Is there then a case for a more proactive and assertive Shanghai Cooperation Organisation creating its own sphere of influence – at peril to US interests in the region?
To establish its dominance of the region, India can be expected to present Pakistan with simultaneous and multidimensional challenges aimed at essentially overwhelming its capacities to deal with them, stunting its economic growth drastically and forcing it to succumb to Indian supremacy in the region.
In the political and diplomatic dimensions, India is likely to enhance its campaign to isolate Pakistan internationally and to malign it further as a failed state that is exporting terrorism and is incapable of dealing with its inherent terrorism problem. Its effects at the UN and in the US Congress are a clear indicator of its malicious designs.
In the security dimension, it will continue to brew trouble within Pakistan by training, arming and financing terrorists and separatists in FATA and Balochistan. RAW is directly supporting a Globally Designated International Terrorist like Mullah Fazlullah in Kunar and Nurestan in carrying out terrorist activities in Pakistan. His and his benefactor’s involvement in the Peshawar school massacre is damning.
In the domestic dimension, it will continue to keep our internal situation destabilised and in permanent upheaval through its agents in our society. It’s cultural and media offensive will continue through certain well-known Pakistani circles.
In the military dimension, it will keep the LOC, the working boundary and the international borders under growing pressure with the intention to divert Pakistan’s attention from Balochistan and Operations Zarb-e-Azb and Khyber One being fought against its cunning protégés. It is also likely to engage Pakistan in an unacceptably costly nuclear and conventional arms race.
Pakistan’s response should be equally measured and matching.
At the political level, we need to continue showing the same national unity and resolve that we have shown for Operations Zarb-e-Azb and Khyber One. This must be supported by perceptibly good governance and a general uplift of the morale of the nation. Our political and military leadership must move to lead, motivate and inspire the nation in this time of trial.

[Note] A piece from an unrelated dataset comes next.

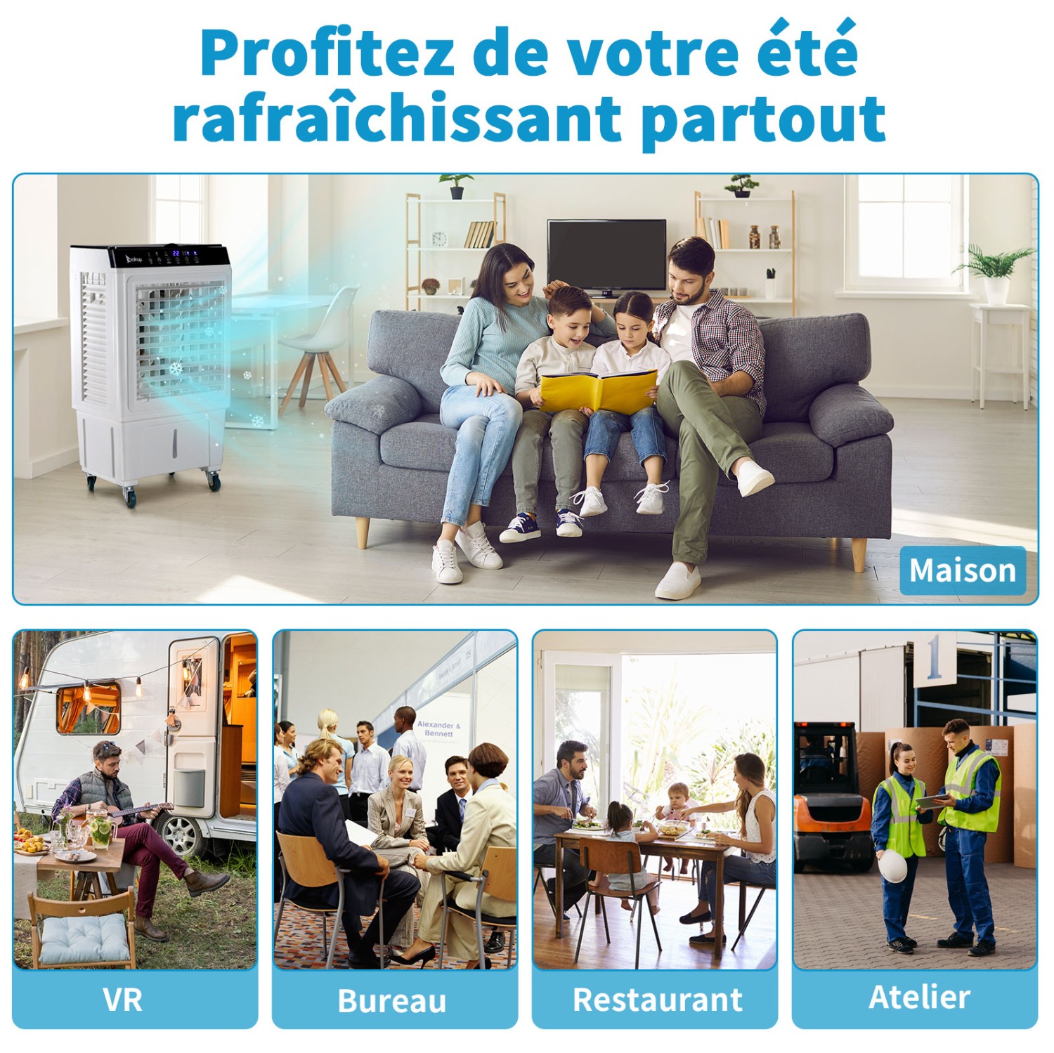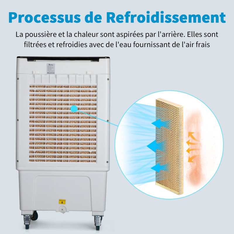 无需弯腰即可在顶部加水。这款便携式蒸发式冷却风扇配备 4 个坚固耐用的 360° 滚轮(2 个可锁定,2 个不可锁定)。即使您不将其用作冷却器,它也能带来强劲的风力!这款冷却风扇可用于户外、半户外和室内,适用于家用和商用。它还可以完美地应用于以下场所:车库、露台、花园、门廊、健身房、电影之夜、烧烤派对、家庭午餐聚会、商店或办公室。

At the diplomatic level, Pakistan needs to launch a strong, well-considered exterior maneuver that not only negates Indian machinations but also puts forth Pakistan’s point of view with clarity and force. Since Mullah Fazlullah has been declared an international terrorist and RAW is known to be supporting him and his gang, a case must be taken up at the appropriate international forums to declare all agencies including RAW that deal with him as terrorist organisations.
In view of India’s increasing access to US, Russian and western military arsenal, technologies and know-how, Pakistan too will have to raise the capacity of its armed forces to maintain a viable strategic balance. Indian military and nuclear capabilities are likely to increase substantially. The intentions of Messrs.Modi, Doval& Co are likely to become even more hostile. With the gap in conventional and nuclear forces of India and Pakistan set to increase further, there is bound to be a compatible increase in the strategic imbalance too. This will lead to Pakistan’s increasing reliance on its nuclear forces and the perceptible lowering of its nuclear thresholds.
Pakistan needs to re-evaluate what these ominous strategic partnerships and alignments in the region portend. US and India need to reassess the fallouts of their ostensible strategic partnership.
The writer is a retired brigadier, a former defence advisor to Australia and New Zealand and secretary general of Pakistan Forum for Security and Development.